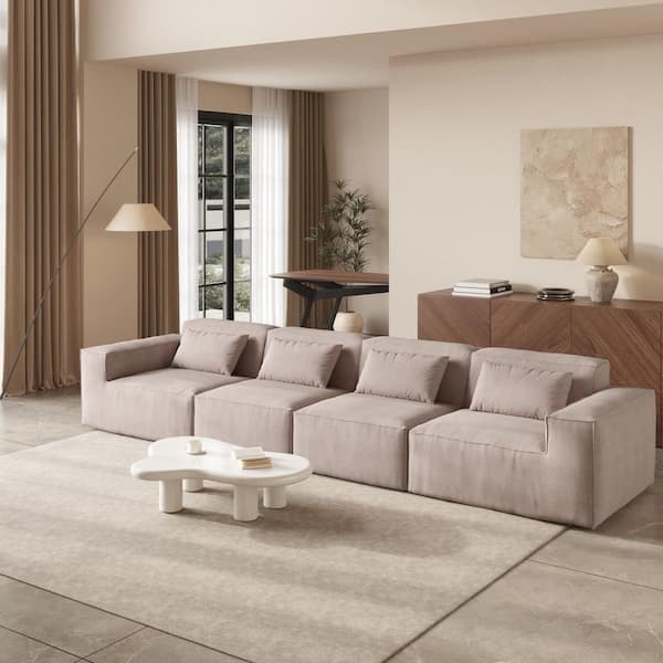 149 in. Square Arm Cloud Fleece Fabric 4-Seater Memory Foam Deep Seat Modular Sectional Sofa in. Brown
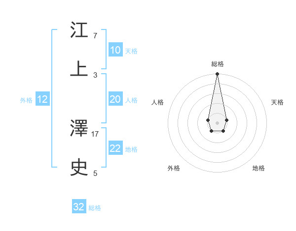 江上 澤史さんの総格は32画の5点!
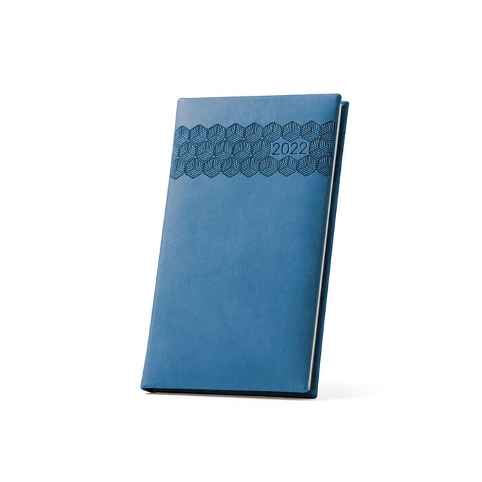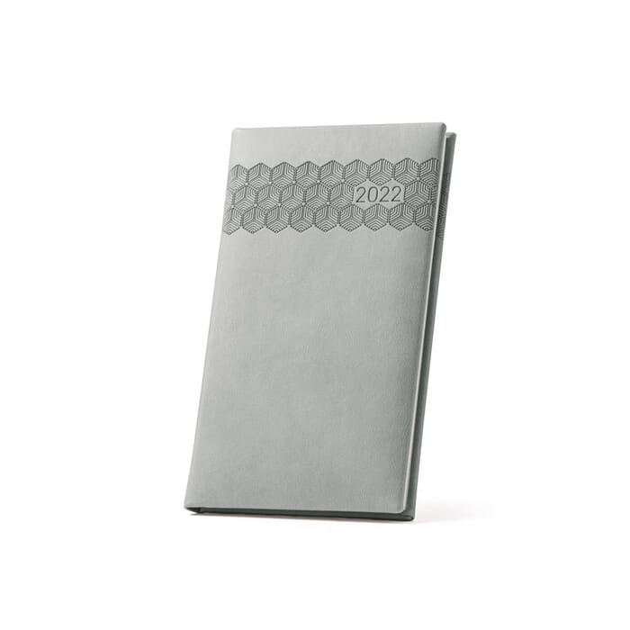 Agenda de bolso em imitação de pele com padrão impresso. Papel de cor branco. Disponível em quatro cores.
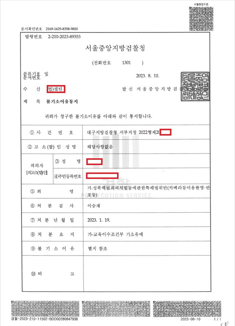 그리고 끝내 이 사건은 '교육조건부 기소유예'로 종결되실 수 있었습니다.
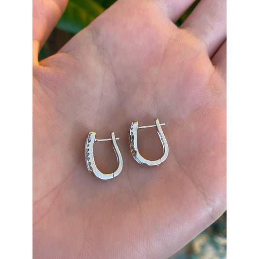 Vintage Solid 14k White Gold Diamond Hoop Earrings
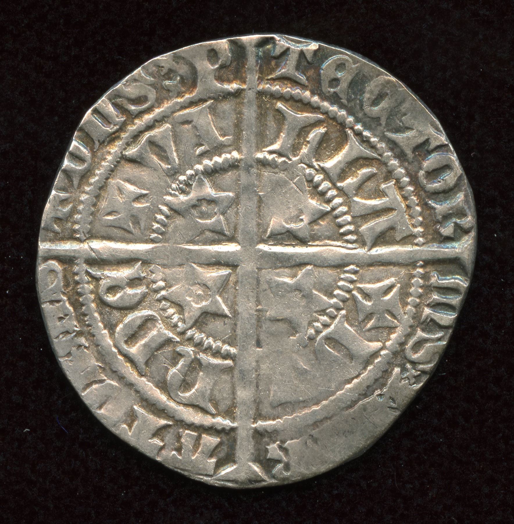 AR Groat (26.5mm, 3.12 g). Dundee mint. Crowned large bust left, to left, scepter with star on base, all within tressure of six arches; trefoils in spandrels / Long cross pattée; in each quarter, mullet with central rosette. SCBC 5135. Fine+, toned, areas of flat strike.
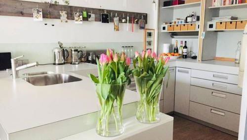 Die Unterkunft Wohnen auf Zeit, Boardinghouse, zentral gelegen bietet ihren Gästen eine Terrasse, Gartenblick, einen Sitzbereich, einen Satelliten Flachbild-TV, eine voll ausgestattete Küche mit einem Kühlschrank und einem Geschirrspüler sowie ein eigenes Badezimmer mit einer Dusche und kostenlosen Pflegeprodukten. Es gibt einen Ofen, eine Mikrowelle und eine Herdplatte sowie eine Kaffeemaschine und einen Wasserkocher.
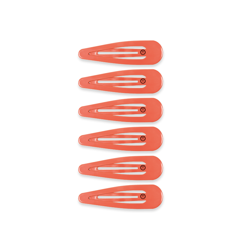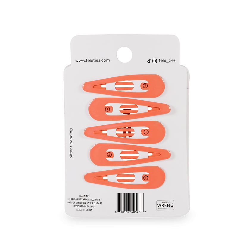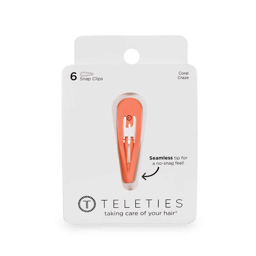 TELETIES Coral Craze Snap Clips in Coral offer a secure seamless tip for a no snag feel. Perfect for all hair types, these stylish barrettes provide a gentle yet firm hold, whether you're styling or simply pulling back strands. Available in a range of colors, TELETIES Snap Clips combine functionality with flair, ensuring your hair stays put all day long.

+ + + +

Assignment:
Reproduce word for word the lines running from the line with "Die Unterkunft Wohnen" through the end of the data, both included, and nothing else; leave out the pictures.

Written response:
 Die Unterkunft Wohnen auf Zeit, Boardinghouse, zentral gelegen bietet ihren Gästen eine Terrasse, Gartenblick, einen Sitzbereich, einen Satelliten Flachbild-TV, eine voll ausgestattete Küche mit einem Kühlschrank und einem Geschirrspüler sowie ein eigenes Badezimmer mit einer Dusche und kostenlosen Pflegeprodukten. Es gibt einen Ofen, eine Mikrowelle und eine Herdplatte sowie eine Kaffeemaschine und einen Wasserkocher.
 TELETIES Coral Craze Snap Clips in Coral offer a secure seamless tip for a no snag feel. Perfect for all hair types, these stylish barrettes provide a gentle yet firm hold, whether you're styling or simply pulling back strands. Available in a range of colors, TELETIES Snap Clips combine functionality with flair, ensuring your hair stays put all day long.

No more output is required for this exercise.